─── MATERIAL PROVIDED
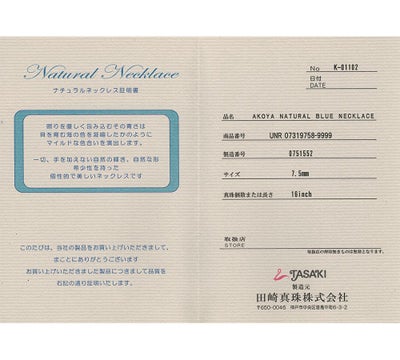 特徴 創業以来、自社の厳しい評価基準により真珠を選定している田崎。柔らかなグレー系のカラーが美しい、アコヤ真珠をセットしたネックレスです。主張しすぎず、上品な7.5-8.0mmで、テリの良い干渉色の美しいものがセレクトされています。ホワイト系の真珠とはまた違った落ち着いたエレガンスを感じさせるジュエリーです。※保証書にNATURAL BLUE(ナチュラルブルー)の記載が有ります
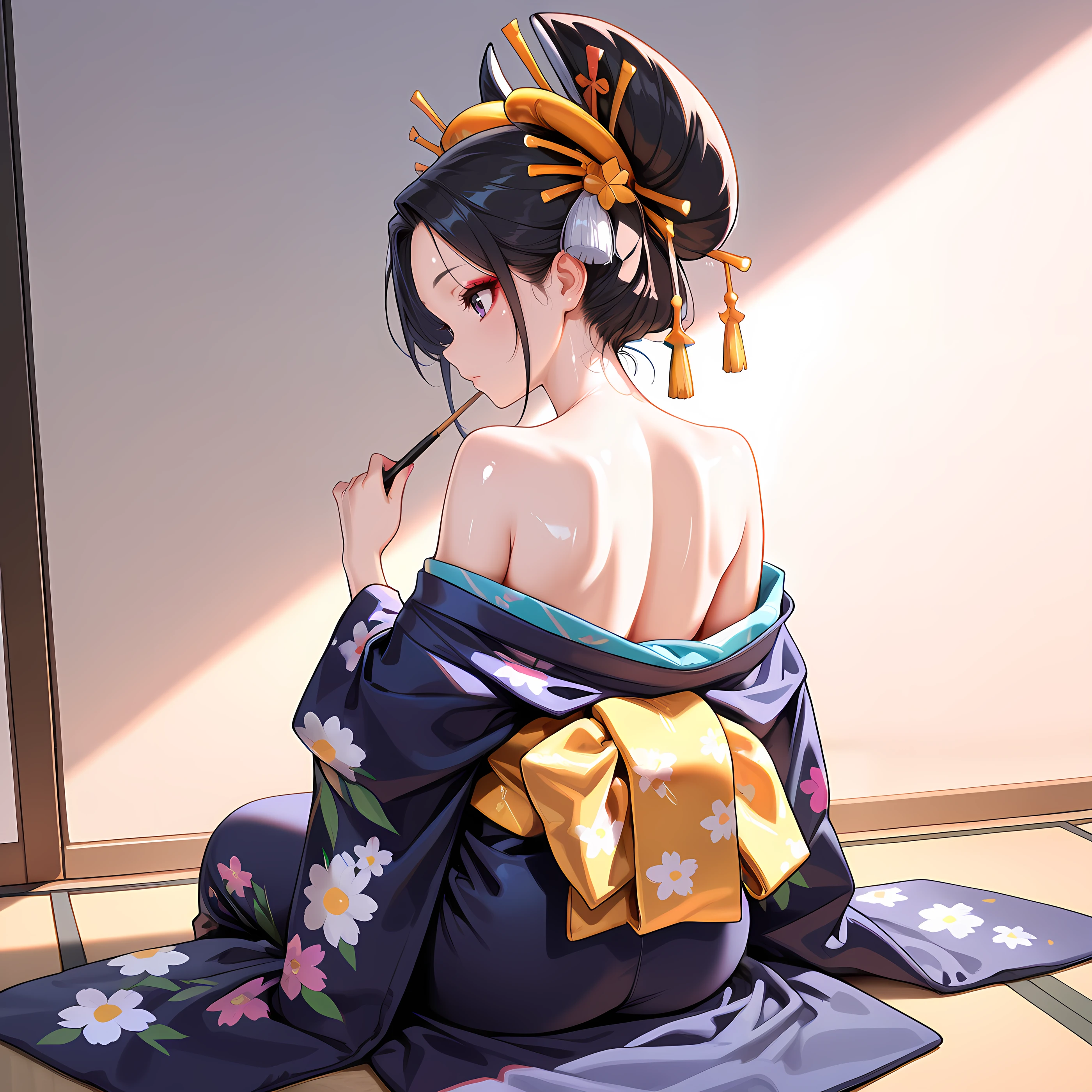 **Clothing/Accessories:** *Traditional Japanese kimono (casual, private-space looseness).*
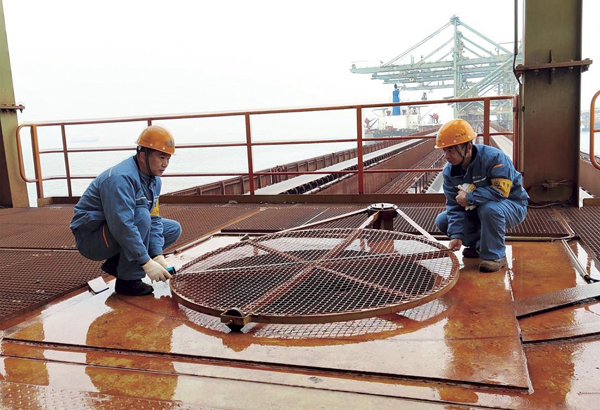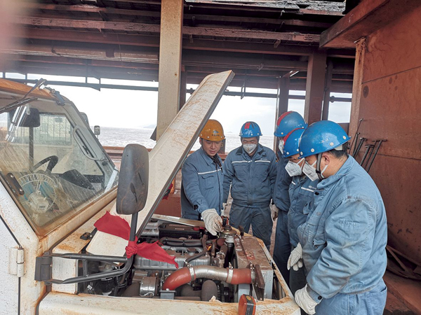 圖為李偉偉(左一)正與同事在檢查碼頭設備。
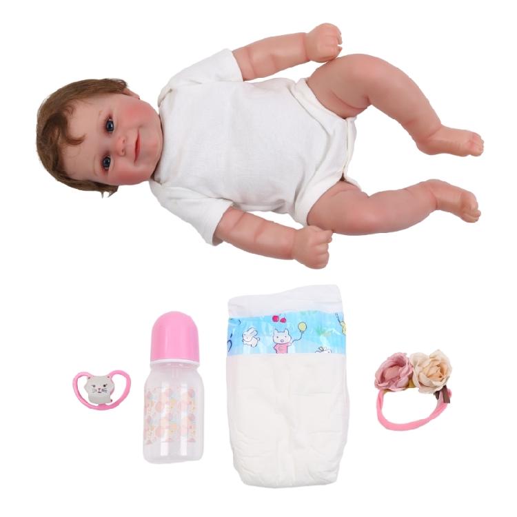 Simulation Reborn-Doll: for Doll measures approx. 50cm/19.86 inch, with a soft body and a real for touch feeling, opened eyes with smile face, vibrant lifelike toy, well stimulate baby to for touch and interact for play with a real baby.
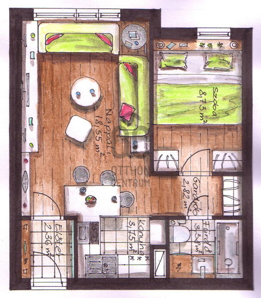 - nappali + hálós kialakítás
──────
## EXERCISE REQUIREMENTS:
The result should be an exact retyped version of all the entries above, containing no pictures.

## OUTPUT OF THE EXERCISE:
 特徴 創業以来、自社の厳しい評価基準により真珠を選定している田崎。柔らかなグレー系のカラーが美しい、アコヤ真珠をセットしたネックレスです。主張しすぎず、上品な7.5-8.0mmで、テリの良い干渉色の美しいものがセレクトされています。ホワイト系の真珠とはまた違った落ち着いたエレガンスを感じさせるジュエリーです。※保証書にNATURAL BLUE(ナチュラルブルー)の記載が有ります
 **Clothing/Accessories:** *Traditional Japanese kimono (casual, private-space looseness).*
 圖為李偉偉(左一)正與同事在檢查碼頭設備。
 Simulation Reborn-Doll: for Doll measures approx. 50cm/19.86 inch, with a soft body and a real for touch feeling, opened eyes with smile face, vibrant lifelike toy, well stimulate baby to for touch and interact for play with a real baby.
 - nappali + hálós kialakítás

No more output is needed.